(Beginning of Provided material)
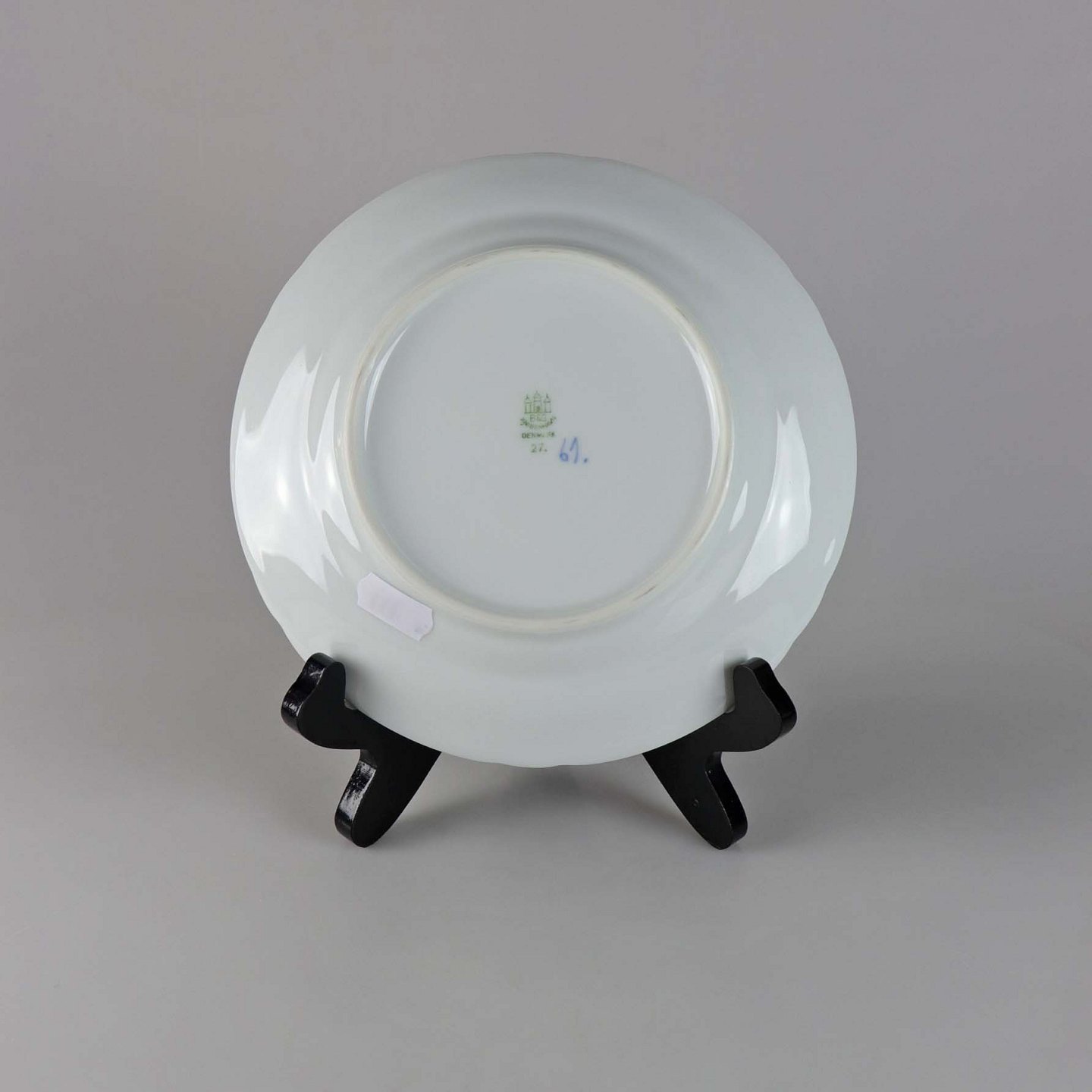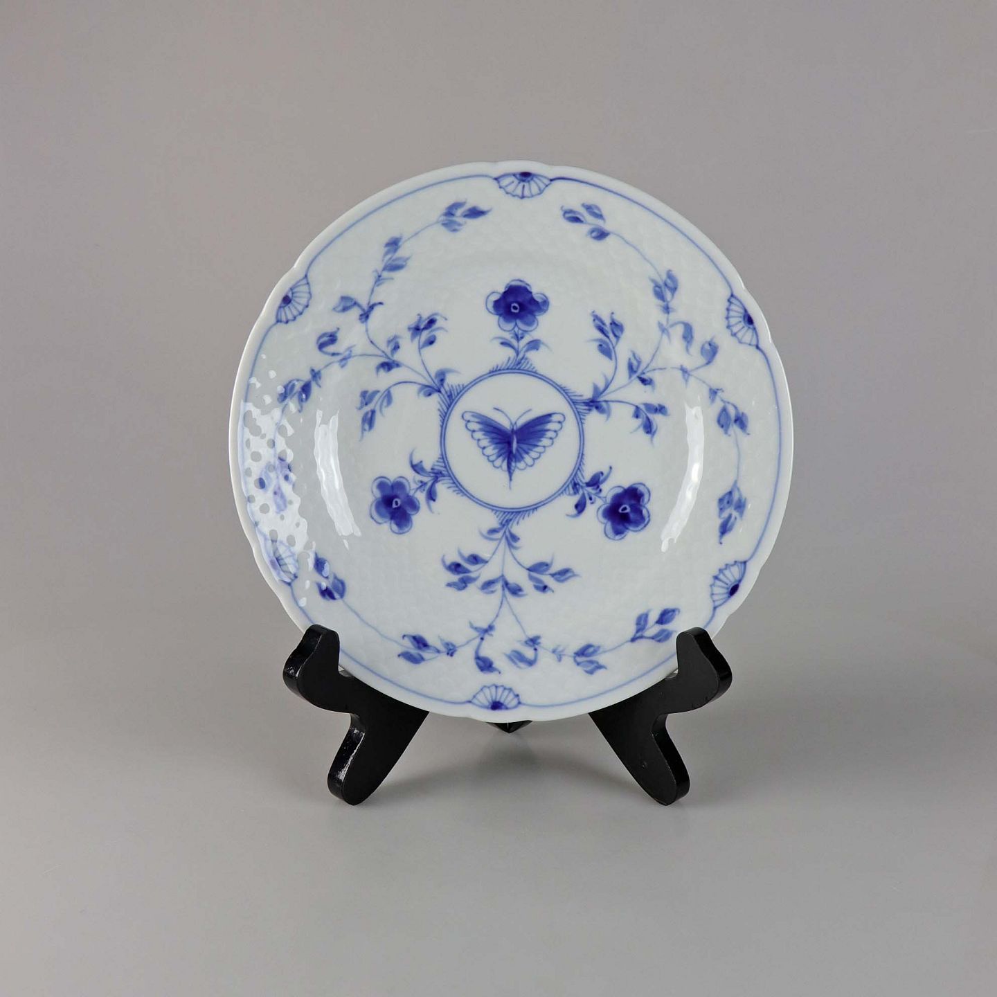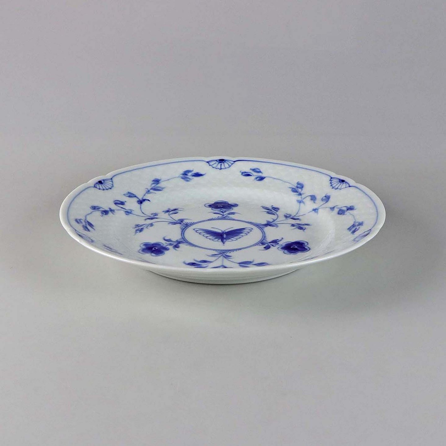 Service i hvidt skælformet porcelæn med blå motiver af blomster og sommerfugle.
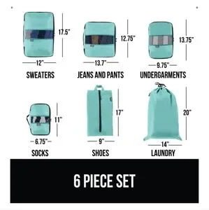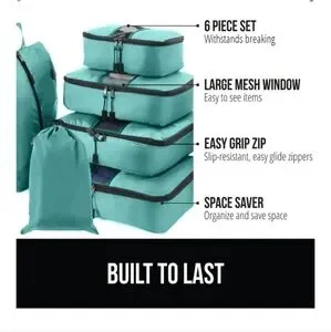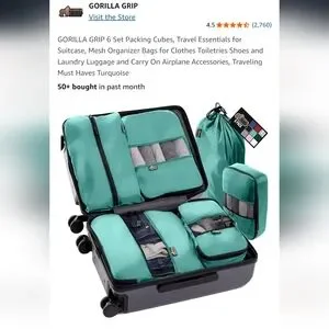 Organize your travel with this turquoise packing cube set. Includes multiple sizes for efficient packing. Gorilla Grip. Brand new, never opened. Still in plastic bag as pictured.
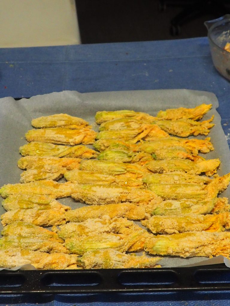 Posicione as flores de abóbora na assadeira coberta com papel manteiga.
(End of Provided material)
Task to carry out:
Repeat the material exactly and drop each image.

Solution to this task:
 Service i hvidt skælformet porcelæn med blå motiver af blomster og sommerfugle.
 Organize your travel with this turquoise packing cube set. Includes multiple sizes for efficient packing. Gorilla Grip. Brand new, never opened. Still in plastic bag as pictured.
 Posicione as flores de abóbora na assadeira coberta com papel manteiga.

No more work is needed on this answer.